Principal Component Analysis (PCA) is a dimensionality reduction process that can be applied to reduce the amount of features (or dimensions) from a data set while explaining maximum amount of variance in the data. PCA is based on eigenvector(s) and eigenvalue(s), which, to keep it simple are mathematical constructs representing directional-component and magnitude of the variance of the transformed feature(s) respectively. For each dimension, there is one eigenvector and eigenvalue pair that describes that dimension. We want to find the components that have the largest variance, that is, the eigenvectors that have the largest eigenvalues associated to them. These eigenvectors are mutually orthogonal, otherwise known as non-correlated or independent.
Once we have the highest-variance components, we can represent our data using those instead of the original features and drop the ones with the lowest variances. This makes it so that we have few highly descriptive columns with the largest amounts of variance to differentiate our data points.
Principal Component Analysis in R
Now that you know what Principal Component Analysis is and what are its uses, we can move on to actually using it in R. For this, we are going to utilize the iris dataset, so we do not need to load any datasets into R.
In R, there are a few different functions for analyzing Principal Components – the preferred and most utilized one is prcomp. prcomp takes the dataset you want to analyze as a parameter with two optional parameters (center and scale.), which do the work of centering (shifting your data points to be zero-centered) and scaling (so your observations have unit variance) your data, which is recommended for PCA.
Note that the iris dataset has a Species column, which is non-numerical. For PCA to work, we need to remove that column.
iris_numerical <- iris[,-5]
library(scatterplot3d)
scatterplot3d(iris[,1:3],
main="3D Scatter Plot",
xlab = "Sepal Length (cm)",
ylab = "Sepal Width (cm)",
zlab = "Petal Length (cm)")
# Perform PCA on the numerical data from "iris"
# prcomp does all the work of centering and scaling our data for us!
pcaSolution <- prcomp(iris_numerical, center=TRUE, scale.=TRUE)
# Print a summary of the analysis
print(pcaSolution)
## Standard deviations (1, .., p=4):
## [1] 1.7083611 0.9560494 0.3830886 0.1439265
##
## Rotation (n x k) = (4 x 4):
## PC1 PC2 PC3 PC4
## Sepal.Length 0.5210659 -0.37741762 0.7195664 0.2612863
## Sepal.Width -0.2693474 -0.92329566 -0.2443818 -0.1235096
## Petal.Length 0.5804131 -0.02449161 -0.1421264 -0.8014492
## Petal.Width 0.5648565 -0.06694199 -0.6342727 0.5235971
Now, we have our analysis done – with the standard deviation and rotation (the eigenvectors!) printed out.
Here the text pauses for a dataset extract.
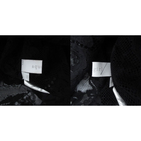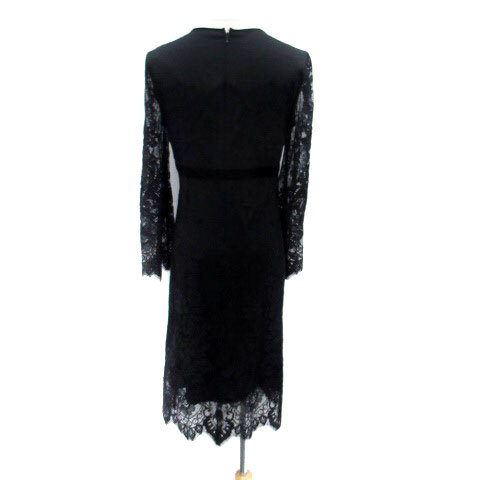 アクアガール aquagirl ワンピース ラウンドネック 長袖 ミモレ丈 総レース インナー付き 36 S 黒 ブラック /HO41 レディース

However, we can extract even more information from our analysis by using summary. For example:
summary(pcaSolution)
## Importance of components:
## PC1 PC2 PC3 PC4
## Standard deviation 1.7084 0.9560 0.38309 0.14393
## Proportion of Variance 0.7296 0.2285 0.03669 0.00518
## Cumulative Proportion 0.7296 0.9581 0.99482 1.00000
As we can see, the first two principal components are very descriptive of our data -- together they amount for more than 95% of the variance present in our data (look at the cumulative proportion row). This is a pretty good lead that we should use them as our dimensions.
However, there is another way of choosing what components are going to be used -- Scree plots and the Kaiser-Guttman rule. Scree plots are simple -- you just plot the eigenvalues for each component. It should be visible where there is a dropoff, which should be the cutoff for dimensions.
plot(pcaSolution, type="l", main="Eigenvalues for each Principal Component")
The Kaiser-Guttman rule states that one should pick the dimensions based on the average eigenvalue – if a component presents a higher-than-average eigenvalue, then it should be picked. We can add this line to the Scree plot to visualize this cutoff better. Eigenvalues can be calculated as the square value of the standard deviation for a principal component, like this:
# Calculate and print the eigenvalues for the principal components.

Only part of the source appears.